§ Aim of the exercise: Leaving the pictures aside, repeat every line below exactly.

§ Recorded data:
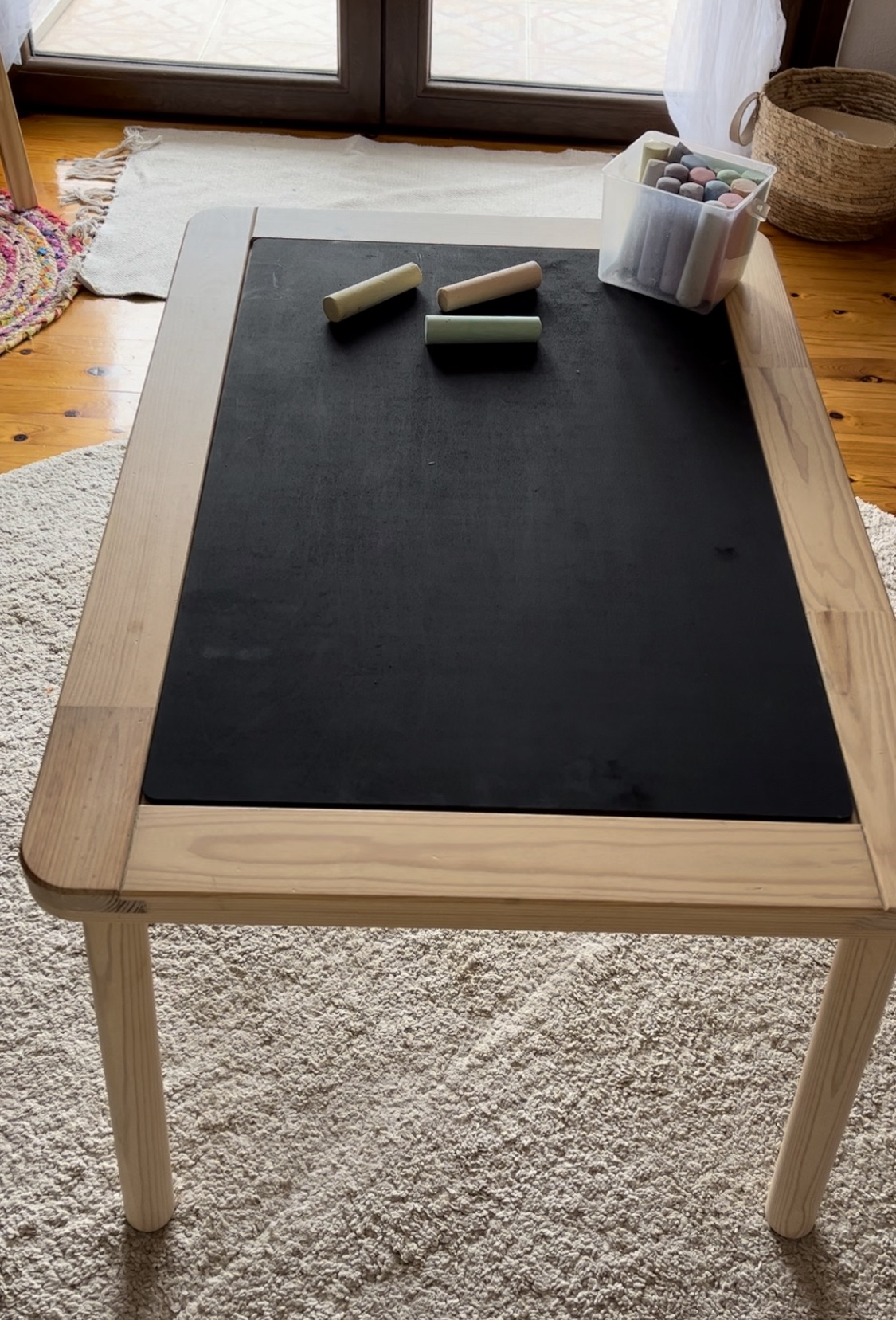 Λεπτομέρειες προϊόντος : Extra large size πίνακας διπλής όψεως. Από τη μια πλευρά είναι ξύλινη επιφάνεια σκέτη και από την άλλη πλευρά είναι μαυροπίνακας . Εφάπτει ακριβώς στο τραπέζι Flisat του Ikea.
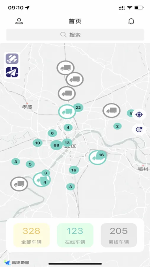 1.首页地图车辆聚合分布,可总览车辆的分布情况~
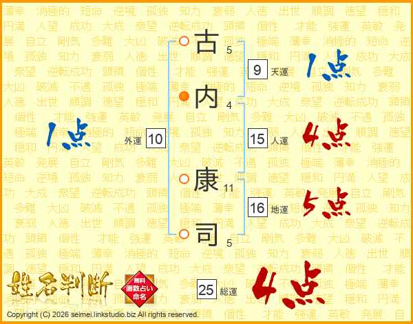 古(5画)内(4画) 康(11画)司(5画)
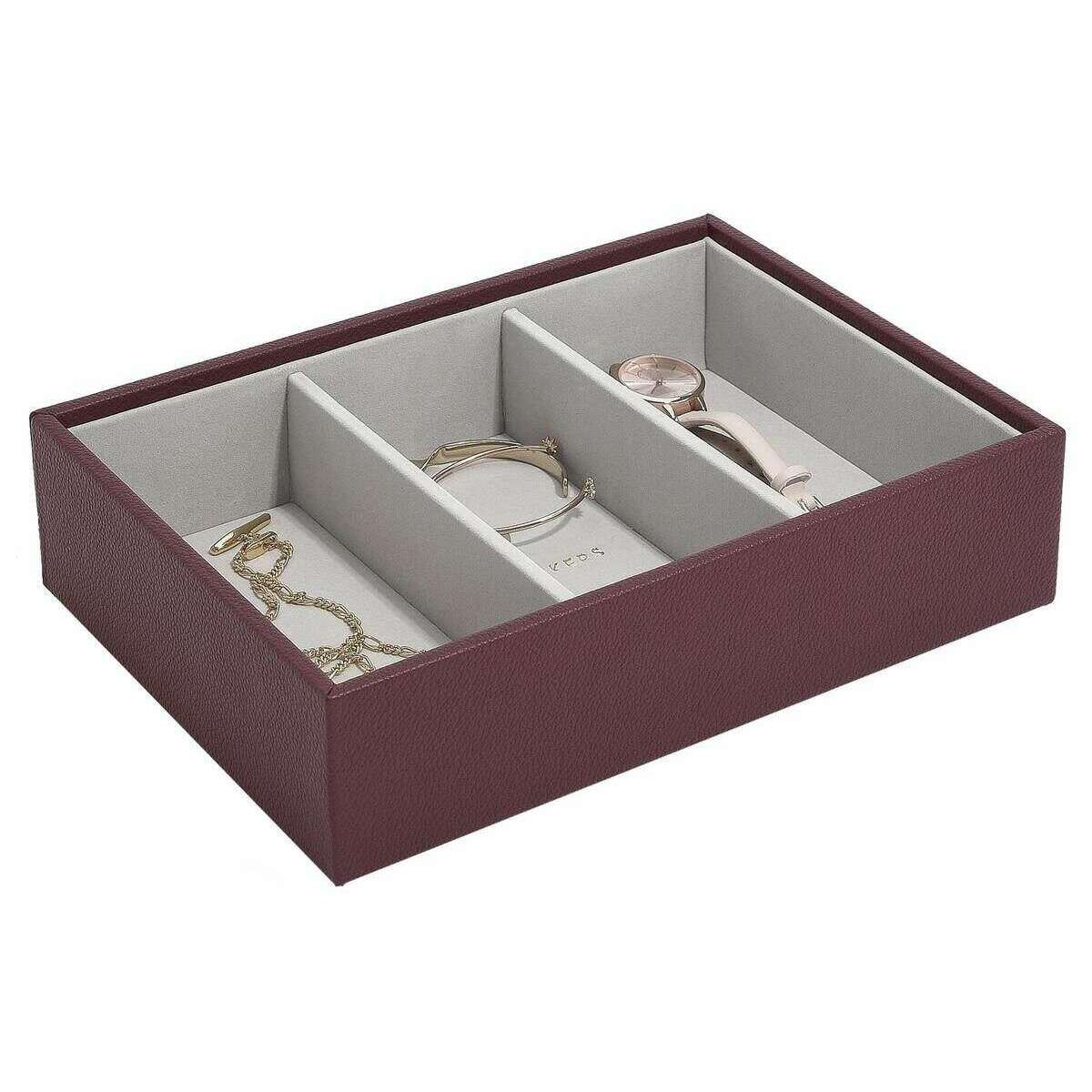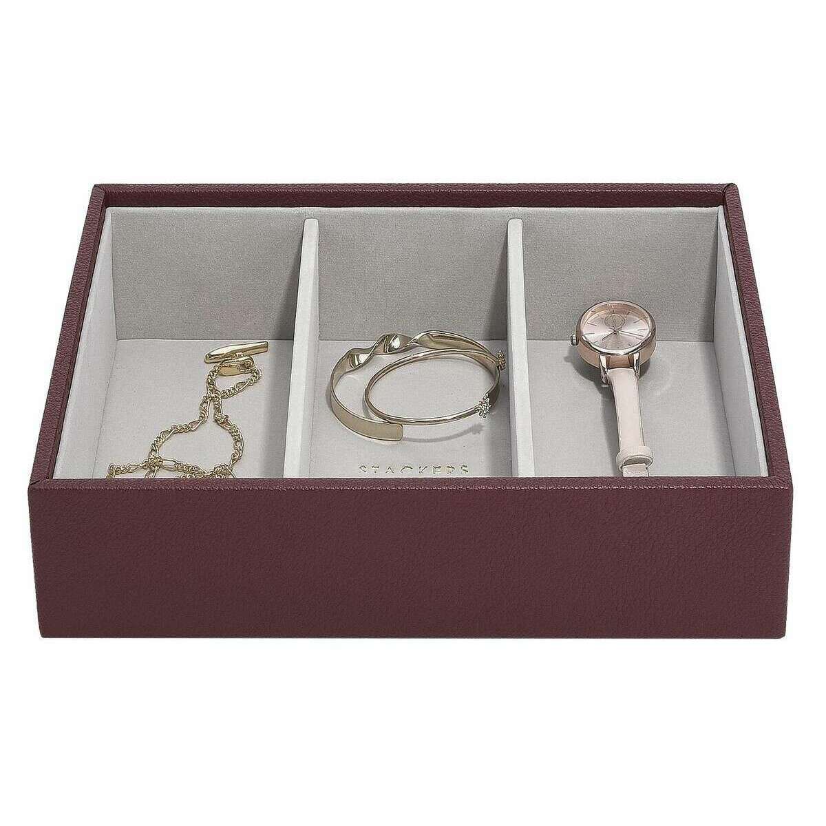 Con piel sintética y terciopelo de color burdeos, esta clásica capa de accesorios para relojes de Stackers es perfecta para las mujeres y es imprescindible. Mide 6 cm (alto) x 25 cm (ancho) x 18 cm (profundidad). Todos los joyeros se entregan completos con embalaje apilador. La capa de accesorios para relojes Stackers Classic - Borgoña cuenta con tres secciones más grandes para cualquiera de sus artículos de joyería más grandes. Esta hermosa capa de joyería de color burdeos es perfecta para guardar artículos más grandes, como gafas de sol, relojes y pulseras.

§ Answer for this exercise:
 Λεπτομέρειες προϊόντος : Extra large size πίνακας διπλής όψεως. Από τη μια πλευρά είναι ξύλινη επιφάνεια σκέτη και από την άλλη πλευρά είναι μαυροπίνακας . Εφάπτει ακριβώς στο τραπέζι Flisat του Ikea.
 1.首页地图车辆聚合分布,可总览车辆的分布情况~
 古(5画)内(4画) 康(11画)司(5画)
 Con piel sintética y terciopelo de color burdeos, esta clásica capa de accesorios para relojes de Stackers es perfecta para las mujeres y es imprescindible. Mide 6 cm (alto) x 25 cm (ancho) x 18 cm (profundidad). Todos los joyeros se entregan completos con embalaje apilador. La capa de accesorios para relojes Stackers Classic - Borgoña cuenta con tres secciones más grandes para cualquiera de sus artículos de joyería más grandes. Esta hermosa capa de joyería de color burdeos es perfecta para guardar artículos más grandes, como gafas de sol, relojes y pulseras.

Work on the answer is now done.